I. La rigueur de l’obligation de motivation et la charge de la preuve de l’apatridie
A. La validité de la motivation de l’acte administratif de rejet
L’autorité administrative doit motiver en fait et en droit ses décisions de refus comme le prévoit l’article L. 582-3 du code de l’entrée et du séjour. La Cour relève que l’acte mentionne précisément la situation personnelle de l’intéressé ainsi que les fondements juridiques applicables à sa demande de protection internationale. La décision indique que la perte de nationalité n’était pas confirmée et que le requérant n’avait pas sollicité le rétablissement de ses droits civiques. Ces considérations de fait sont jugées suffisamment « précises et circonstanciées » pour permettre au juge d’exercer un contrôle complet sur la légalité du refus. L’exigence de clarté formelle s’accompagne d’une obligation substantielle portant sur les efforts déployés par l’individu pour clarifier son lien juridique avec son État d’origine.

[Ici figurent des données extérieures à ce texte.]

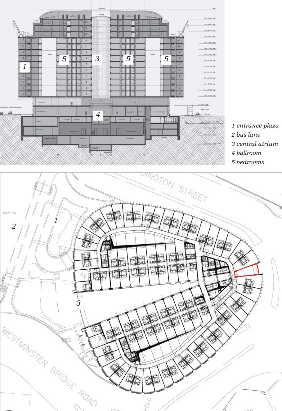 The view over the river has dictated the internal layout. In plan, the building is similar in shape to a guitar plectrum (see plan, page 48), with one long side that overlooks the river. The building has a V-shaped atrium with the wide end at the bridge side of the building. The idea is that as many bedrooms as possible will have that Westminster sunset view. Bedrooms open off a central spine corridor running along each floor – the ones on the inner side of the corridor get the light and views from the atrium and the ones on the outside face the street. Inevitably, some of the rooms overlook the more anonymous side of the site but are at least spared the railway line, as the lift cores occupy the part of the building closest to the tracks.

B. L’obligation pour le demandeur de justifier de démarches assidues
La reconnaissance de l’apatridie est subordonnée à la définition conventionnelle désignant une personne « qu’aucun État ne considère comme son ressortissant par application de sa législation ». Il appartient dès lors au solliciteur d’apporter la preuve qu’il a effectué des « démarches répétées et assidues » auprès des autorités de son pays. Le juge administratif exige que le demandeur prouve le refus explicite de l’État dont il se prévaut de le reconnaître comme l’un de ses membres. Cette exigence probatoire stricte vise à éviter les situations d’apatridie résultant d’une simple négligence administrative du ressortissant étranger dans son pays de naissance. La preuve de l’absence de nationalité est toutefois neutralisée par les éléments du dossier révélant une possible appartenance à une autre communauté étatique.

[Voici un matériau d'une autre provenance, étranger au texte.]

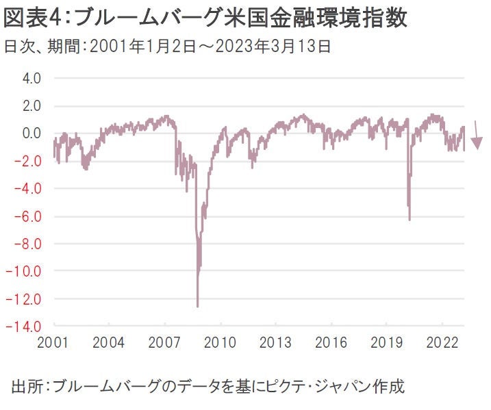 ヒントになるのは米国金融環境指数だ(3月7日発行の筆者レポート『「嵐の前の静けさ」か?米国金融環境指数は依然緩和的』では、週次のシカゴ連銀米国金融環境指数を使用したが、今回は速報性が高い日次のブルームバーグ米国金融環境指数を使用)。ブルームバーグ米国金融環境指数は3月10日にプラスの「緩和的」からマイナスの「引き締め的」へタイト化したばかりであり、まだタイト化の初期段階だと言える(図表4)。この指数がさらにマイナス(引き締め)方向へ進んだ場合、破綻銀行の数も増えることが予想されるため警戒が必要だ。

II. L’obstacle à la reconnaissance de l’apatridie tiré de la situation personnelle du requérant
A. La présomption d’acquisition d’une nationalité tierce non contestée
L’existence d’une seconde identité ou la possible acquisition d’une nationalité étrangère constitue un motif légitime de rejet de la demande de protection par l’administration. Les juges notent que l’intéressé était connu sous une autre identité et n’a pas contesté avoir potentiellement acquis la citoyenneté d’un État tiers. Cette circonstance de fait fragilise la prétention à l’apatridie car la convention de New-York ne s’applique qu’aux individus dépourvus de tout lien national effectif. La preuve de l’absence de toute autre nationalité devient alors un élément central que le requérant n’est pas parvenu à établir devant la juridiction. L’ambiguïté entourant l’identité du requérant se double d’une négligence manifeste dans l’utilisation des voies de droit offertes par la législation de son pays.
B. L’absence de recours aux procédures de recouvrement de la nationalité
Le défaut de demande de réintégration dans la nationalité d’origine lorsque la loi nationale le permettait fait obstacle au bénéfice définitif du statut d’apatride. La législation étrangère applicable en l’espèce offrait la possibilité de demander le rétablissement de la citoyenneté jusqu’à une date précise que le requérant a ignorée. Le juge administratif considère que l’impossibilité alléguée de réintégration n’est pas démontrée par des éléments probants de nature à remettre en cause l’appréciation initiale. Le rejet de l’appel confirme ainsi que la protection internationale ne saurait suppléer une carence volontaire de l’individu dans la préservation de ses propres droits. L’absence de preuve d’un refus définitif de l’État d’origine justifie légalement le maintien de la décision de rejet prise par l’autorité administrative.